I have sorted list of datetime.time and want to create intervals like. If I have
a = [datetime.time(0,0), datetime.time(8,0), datetime.time(13,0), datetime.time(17,0)]
Then result should be like this:
c = [[datetime.time(0,0),datetime.time(8,0)], [datetime.time(8,0),datetime.time(13,0)],
[datetime.time(13,0),datetime.time(17,0)], [datetime.time(17,0),datetime.time(0,0)]]
This could be achieved using simple loop but if there is better solution exist?
Using loop:
>>> a=[datetime.time(0, 0), datetime.time(3, 0), datetime.time(8, 0), datetime.time(11, 0)]
>>>
>>> r = []
>>>
>>> for i in range(0,len(a)):
... if i+1 < len(a):
... r.append([a[i],a[i+1]])
... else:
... r.append([a[i],a[0]])
...
>>> r
[[datetime.time(0, 0), datetime.time(3, 0)], [datetime.time(3, 0), datetime.time(8, 0)], [datetime.time(8, 0), datetime.time(11, 0)], [datetime.time(11, 0), datetime.time(0, 0)]]
>>>
nd what could be change if I want result to be
[[datetime.time(0, 0), datetime.time(2, 59, 59)], [datetime.time(3, 0), datetime.time(7, 59, 59)], [datetime.time(8, 0), datetime.time(10, 59, 59)], [datetime.time(11, 0), datetime.time(23, 59, 59)]]
You could try
a = list(zip(a[:-1], a[1:]))
a.append((a[-1], a[0])])
That gives you a list of tuples. If you want a list of lists, just do
>>> a = [list(i) for i in zip(a[:-1], a[1:])]
>>> a.append([a[-1], a[0]])
(Edited version taking 1. the [a[-1],a[0]] out of the list comprehension and 2. the fact that zip doesn't return a list in Python 3+)

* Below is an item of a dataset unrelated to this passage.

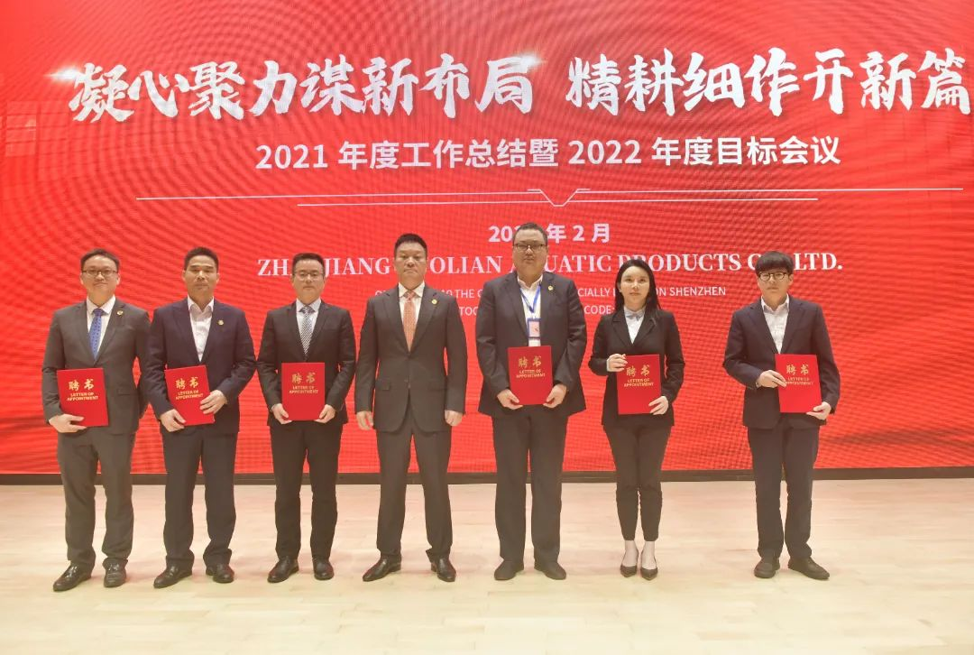 會上,李忠董事長回顧總結了國聯水產過去一年的豐碩成果和尚存短板,同時圍繞集團“五五規劃”戰略和“三大必勝之戰”(保存量;全面推進預制菜轉型,打造量利雙高明星產品;降低成本,提升產品競爭力),明確了集團2022年的工作目標及方向,展望了新一年的宏偉藍圖和二次創業高質量發展的實現路徑。

Yet another possibility would be to just append the first value to the list:
>>> tmp = a + a[0]
>>> list(zip(tmp[:,-1], tmp[1:]))
It can be argued that it creates a temporary list. You could do aa.append(a[0]) instead but then you'd modify your initial list, which might be an issue.